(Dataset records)
····················
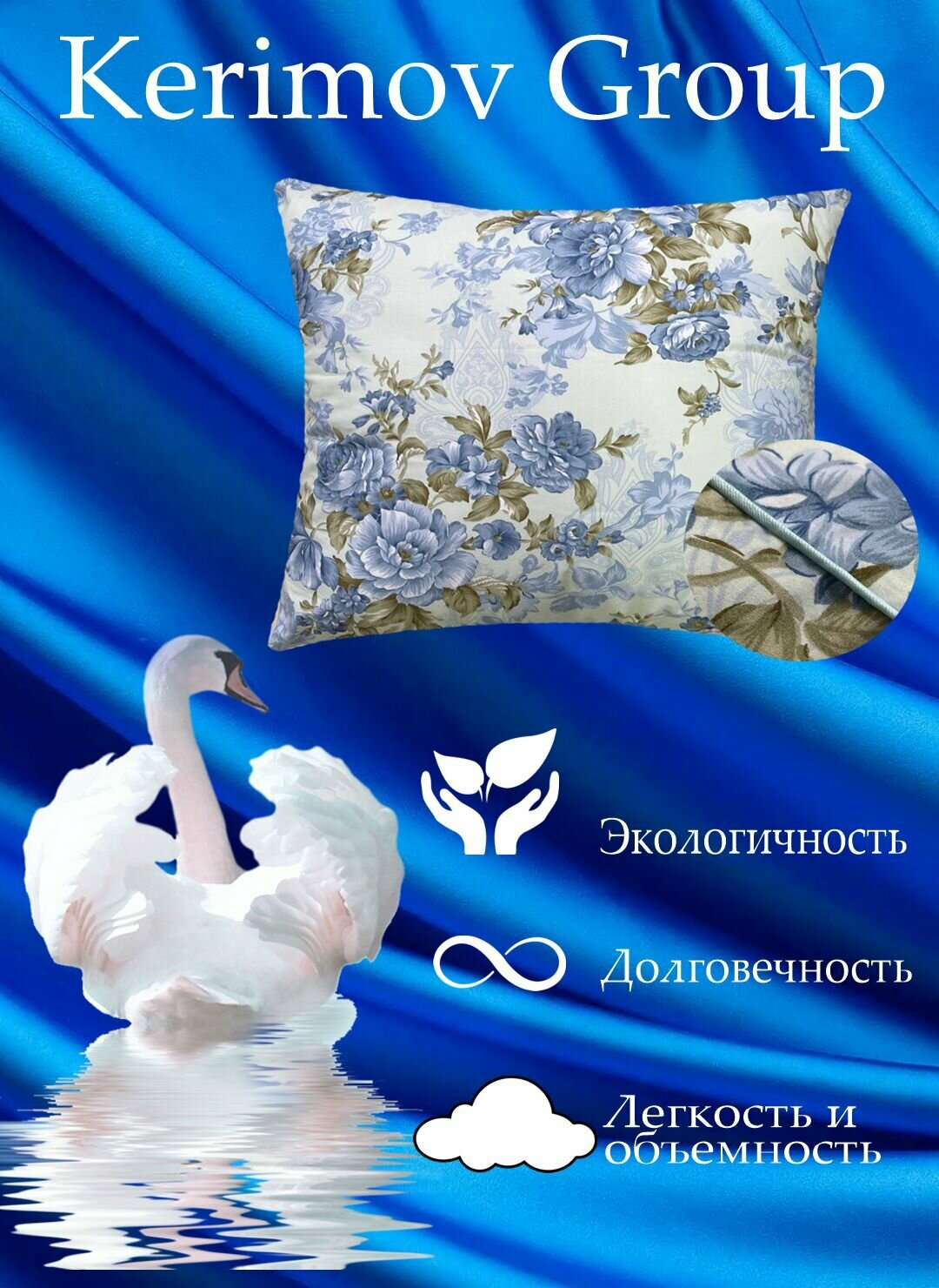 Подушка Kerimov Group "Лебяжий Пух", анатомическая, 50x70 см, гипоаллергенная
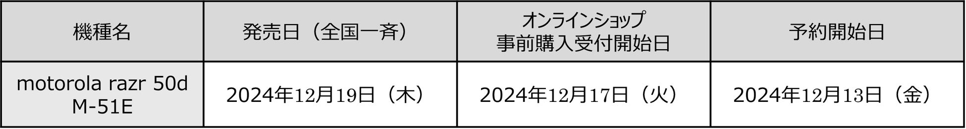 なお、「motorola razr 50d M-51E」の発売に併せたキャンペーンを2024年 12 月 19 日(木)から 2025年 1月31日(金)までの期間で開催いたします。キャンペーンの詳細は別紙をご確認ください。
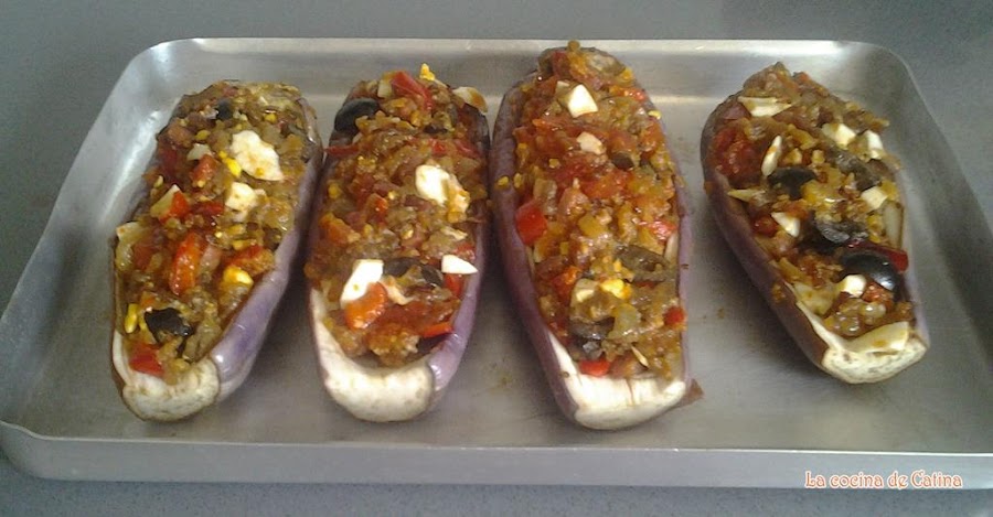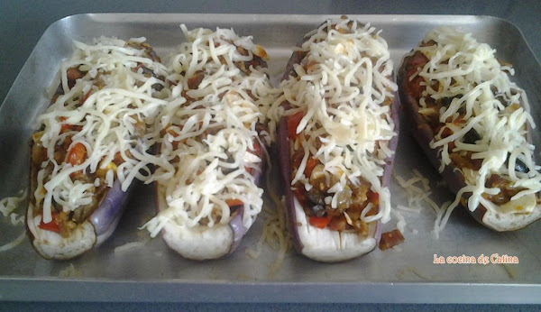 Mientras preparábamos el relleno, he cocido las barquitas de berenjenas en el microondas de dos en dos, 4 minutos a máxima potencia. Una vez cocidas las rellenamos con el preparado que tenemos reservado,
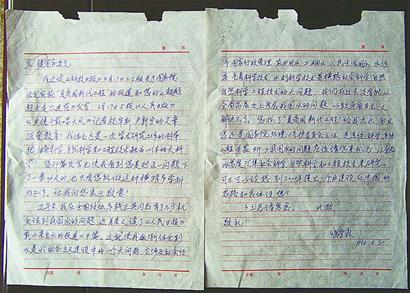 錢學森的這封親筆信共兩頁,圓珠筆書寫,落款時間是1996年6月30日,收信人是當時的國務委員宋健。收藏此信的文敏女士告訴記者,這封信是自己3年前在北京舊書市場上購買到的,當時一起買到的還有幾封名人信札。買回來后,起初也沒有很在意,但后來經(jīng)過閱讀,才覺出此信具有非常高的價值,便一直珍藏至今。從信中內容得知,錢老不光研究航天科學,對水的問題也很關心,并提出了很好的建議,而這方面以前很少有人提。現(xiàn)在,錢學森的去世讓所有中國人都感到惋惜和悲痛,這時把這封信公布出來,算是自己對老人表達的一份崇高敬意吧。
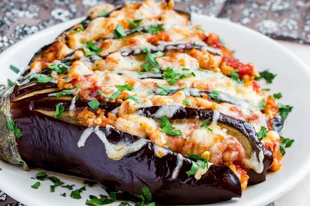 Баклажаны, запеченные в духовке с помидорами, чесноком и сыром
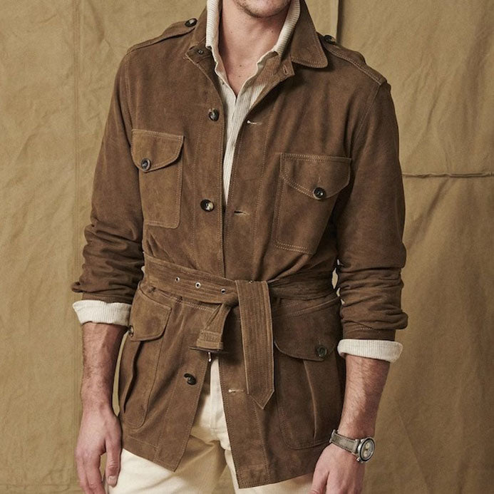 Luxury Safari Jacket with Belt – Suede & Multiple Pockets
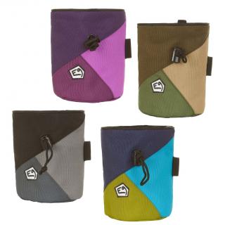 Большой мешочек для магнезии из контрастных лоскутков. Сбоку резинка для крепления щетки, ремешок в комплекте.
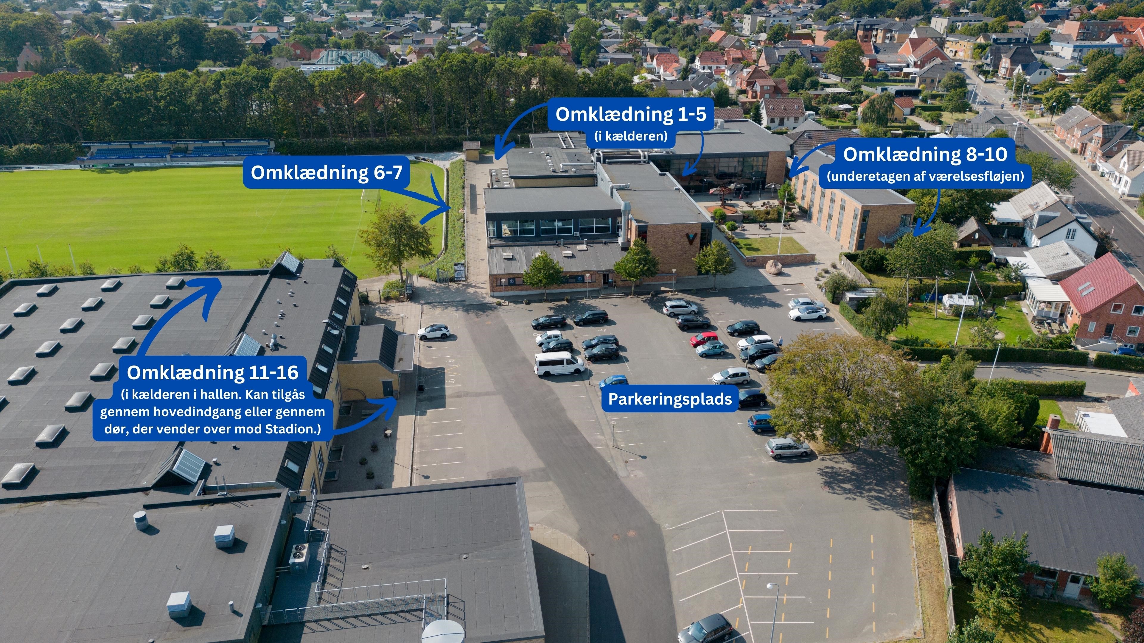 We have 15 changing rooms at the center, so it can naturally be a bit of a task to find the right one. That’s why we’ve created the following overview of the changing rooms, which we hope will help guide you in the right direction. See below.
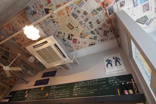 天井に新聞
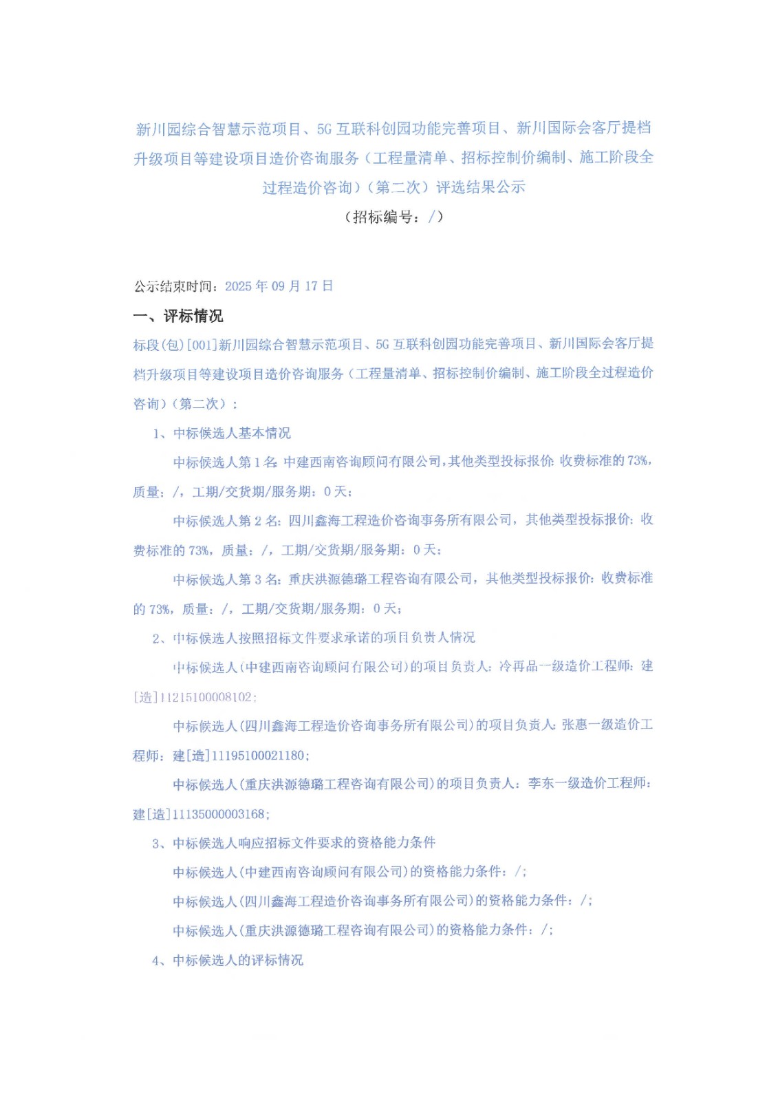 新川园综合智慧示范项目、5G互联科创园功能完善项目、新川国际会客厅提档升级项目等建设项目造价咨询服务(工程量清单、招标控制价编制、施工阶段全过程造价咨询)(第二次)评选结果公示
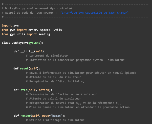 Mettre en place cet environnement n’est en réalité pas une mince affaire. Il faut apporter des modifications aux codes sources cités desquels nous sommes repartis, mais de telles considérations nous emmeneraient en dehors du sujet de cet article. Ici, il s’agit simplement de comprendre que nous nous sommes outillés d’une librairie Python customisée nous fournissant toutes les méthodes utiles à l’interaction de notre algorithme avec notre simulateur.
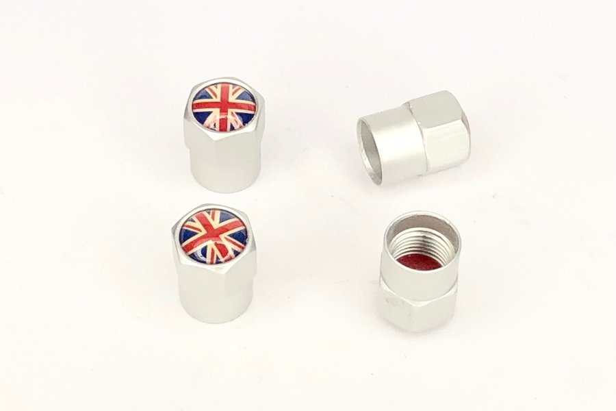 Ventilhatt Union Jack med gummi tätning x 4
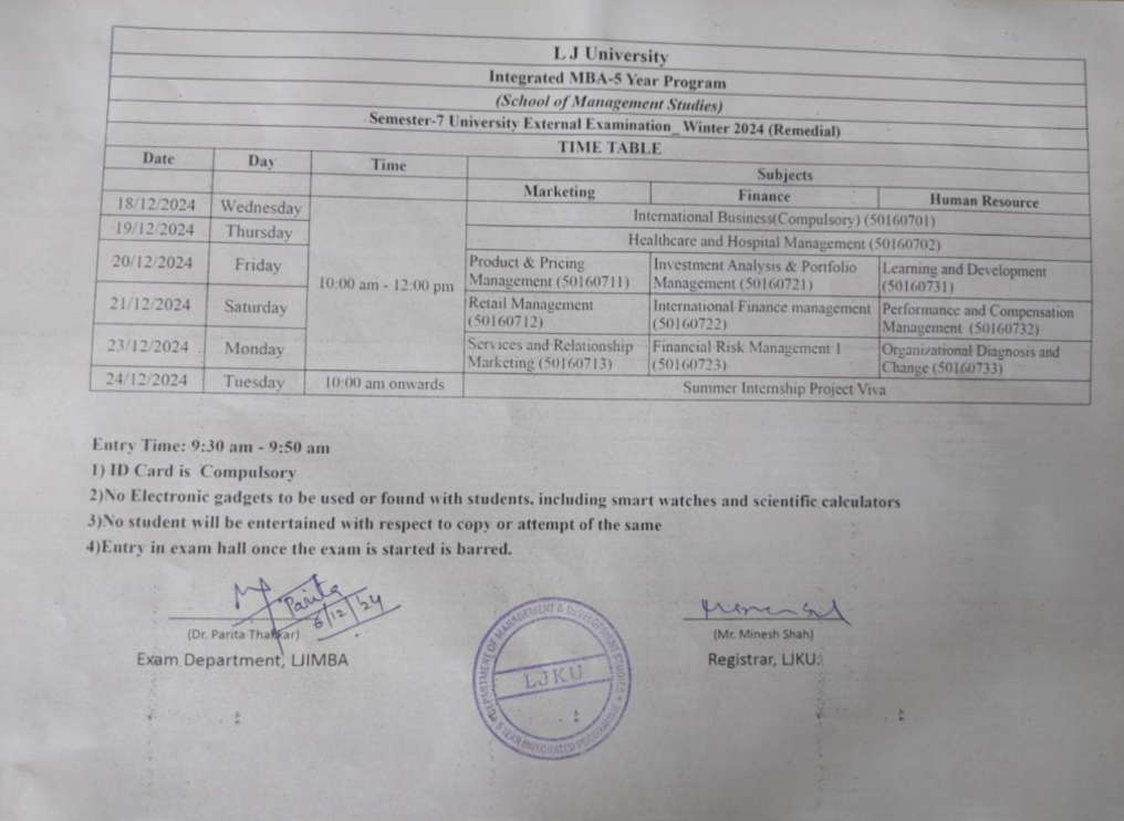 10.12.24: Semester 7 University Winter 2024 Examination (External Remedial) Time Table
····················
BRIEF: A word-for-word copy of the data, without its pictures, is what is needed.

EXERCISE RESULT:
 Подушка Kerimov Group "Лебяжий Пух", анатомическая, 50x70 см, гипоаллергенная
 なお、「motorola razr 50d M-51E」の発売に併せたキャンペーンを2024年 12 月 19 日(木)から 2025年 1月31日(金)までの期間で開催いたします。キャンペーンの詳細は別紙をご確認ください。
 Mientras preparábamos el relleno, he cocido las barquitas de berenjenas en el microondas de dos en dos, 4 minutos a máxima potencia. Una vez cocidas las rellenamos con el preparado que tenemos reservado,
 錢學森的這封親筆信共兩頁,圓珠筆書寫,落款時間是1996年6月30日,收信人是當時的國務委員宋健。收藏此信的文敏女士告訴記者,這封信是自己3年前在北京舊書市場上購買到的,當時一起買到的還有幾封名人信札。買回來后,起初也沒有很在意,但后來經(jīng)過閱讀,才覺出此信具有非常高的價值,便一直珍藏至今。從信中內容得知,錢老不光研究航天科學,對水的問題也很關心,并提出了很好的建議,而這方面以前很少有人提。現(xiàn)在,錢學森的去世讓所有中國人都感到惋惜和悲痛,這時把這封信公布出來,算是自己對老人表達的一份崇高敬意吧。
 Баклажаны, запеченные в духовке с помидорами, чесноком и сыром
 Luxury Safari Jacket with Belt – Suede & Multiple Pockets
 Большой мешочек для магнезии из контрастных лоскутков. Сбоку резинка для крепления щетки, ремешок в комплекте.
 We have 15 changing rooms at the center, so it can naturally be a bit of a task to find the right one. That’s why we’ve created the following overview of the changing rooms, which we hope will help guide you in the right direction. See below.
 天井に新聞
 新川园综合智慧示范项目、5G互联科创园功能完善项目、新川国际会客厅提档升级项目等建设项目造价咨询服务(工程量清单、招标控制价编制、施工阶段全过程造价咨询)(第二次)评选结果公示
 Mettre en place cet environnement n’est en réalité pas une mince affaire. Il faut apporter des modifications aux codes sources cités desquels nous sommes repartis, mais de telles considérations nous emmeneraient en dehors du sujet de cet article. Ici, il s’agit simplement de comprendre que nous nous sommes outillés d’une librairie Python customisée nous fournissant toutes les méthodes utiles à l’interaction de notre algorithme avec notre simulateur.
 Ventilhatt Union Jack med gummi tätning x 4
 10.12.24: Semester 7 University Winter 2024 Examination (External Remedial) Time Table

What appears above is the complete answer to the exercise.